EXERCISE REQUIREMENTS: After locating the line that bears "Höchstproduktiv arbeitet auch", restate word for word that line and the rest of the listing to its final line, excluding all pictures.

--- PROVIDED DATA Enclosed Below ---

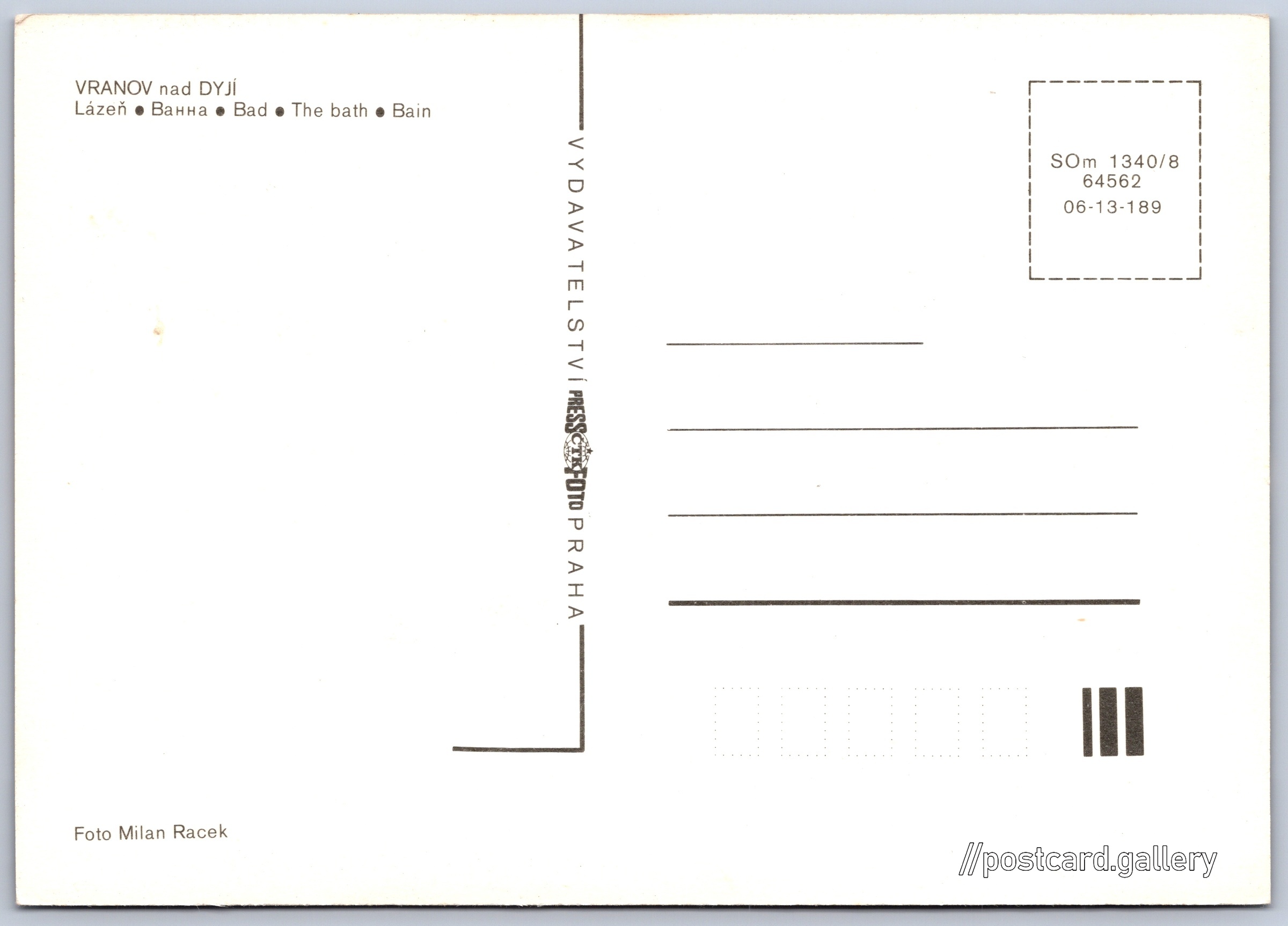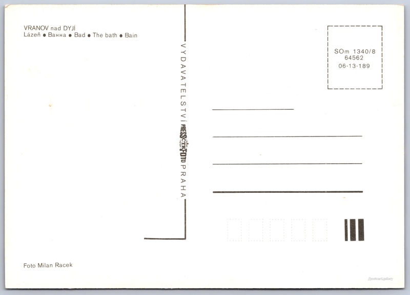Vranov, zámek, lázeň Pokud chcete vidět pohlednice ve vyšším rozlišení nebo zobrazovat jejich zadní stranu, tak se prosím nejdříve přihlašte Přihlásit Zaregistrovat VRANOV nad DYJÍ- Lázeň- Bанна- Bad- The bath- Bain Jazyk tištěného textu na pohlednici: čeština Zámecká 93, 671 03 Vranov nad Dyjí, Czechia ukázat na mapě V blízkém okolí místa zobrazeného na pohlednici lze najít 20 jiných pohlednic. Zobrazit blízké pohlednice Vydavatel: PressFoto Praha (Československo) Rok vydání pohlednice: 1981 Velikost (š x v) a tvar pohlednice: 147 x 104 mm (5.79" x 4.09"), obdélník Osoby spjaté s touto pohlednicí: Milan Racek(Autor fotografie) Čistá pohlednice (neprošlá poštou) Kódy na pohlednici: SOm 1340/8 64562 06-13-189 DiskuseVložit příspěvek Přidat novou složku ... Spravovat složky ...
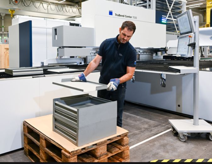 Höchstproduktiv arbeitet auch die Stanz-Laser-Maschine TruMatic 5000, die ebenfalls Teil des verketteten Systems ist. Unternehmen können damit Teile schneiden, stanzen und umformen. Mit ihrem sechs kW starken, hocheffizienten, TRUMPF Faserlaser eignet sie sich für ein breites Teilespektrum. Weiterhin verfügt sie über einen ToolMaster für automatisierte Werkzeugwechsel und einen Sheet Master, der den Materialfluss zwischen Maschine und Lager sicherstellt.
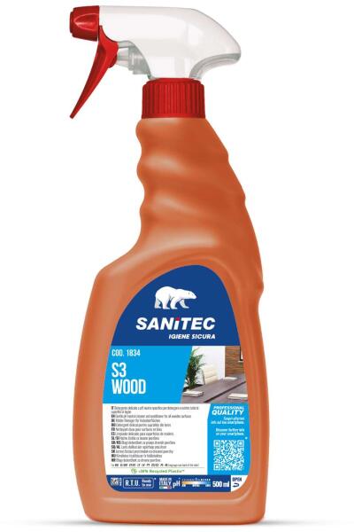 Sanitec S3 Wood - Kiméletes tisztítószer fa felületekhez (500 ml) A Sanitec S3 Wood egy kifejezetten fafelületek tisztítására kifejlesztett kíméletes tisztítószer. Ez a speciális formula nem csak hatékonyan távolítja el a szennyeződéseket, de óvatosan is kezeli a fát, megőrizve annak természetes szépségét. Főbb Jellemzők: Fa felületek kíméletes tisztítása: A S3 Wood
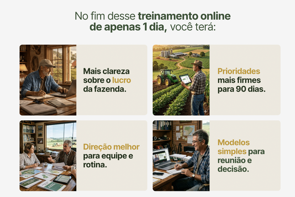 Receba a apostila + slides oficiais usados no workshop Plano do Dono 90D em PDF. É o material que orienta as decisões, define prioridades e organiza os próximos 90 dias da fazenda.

--- End of Enclosed PROVIDED DATA ---

WRITTEN ANSWER:
 Höchstproduktiv arbeitet auch die Stanz-Laser-Maschine TruMatic 5000, die ebenfalls Teil des verketteten Systems ist. Unternehmen können damit Teile schneiden, stanzen und umformen. Mit ihrem sechs kW starken, hocheffizienten, TRUMPF Faserlaser eignet sie sich für ein breites Teilespektrum. Weiterhin verfügt sie über einen ToolMaster für automatisierte Werkzeugwechsel und einen Sheet Master, der den Materialfluss zwischen Maschine und Lager sicherstellt.
 Sanitec S3 Wood - Kiméletes tisztítószer fa felületekhez (500 ml) A Sanitec S3 Wood egy kifejezetten fafelületek tisztítására kifejlesztett kíméletes tisztítószer. Ez a speciális formula nem csak hatékonyan távolítja el a szennyeződéseket, de óvatosan is kezeli a fát, megőrizve annak természetes szépségét. Főbb Jellemzők: Fa felületek kíméletes tisztítása: A S3 Wood
 Receba a apostila + slides oficiais usados no workshop Plano do Dono 90D em PDF. É o material que orienta as decisões, define prioridades e organiza os próximos 90 dias da fazenda.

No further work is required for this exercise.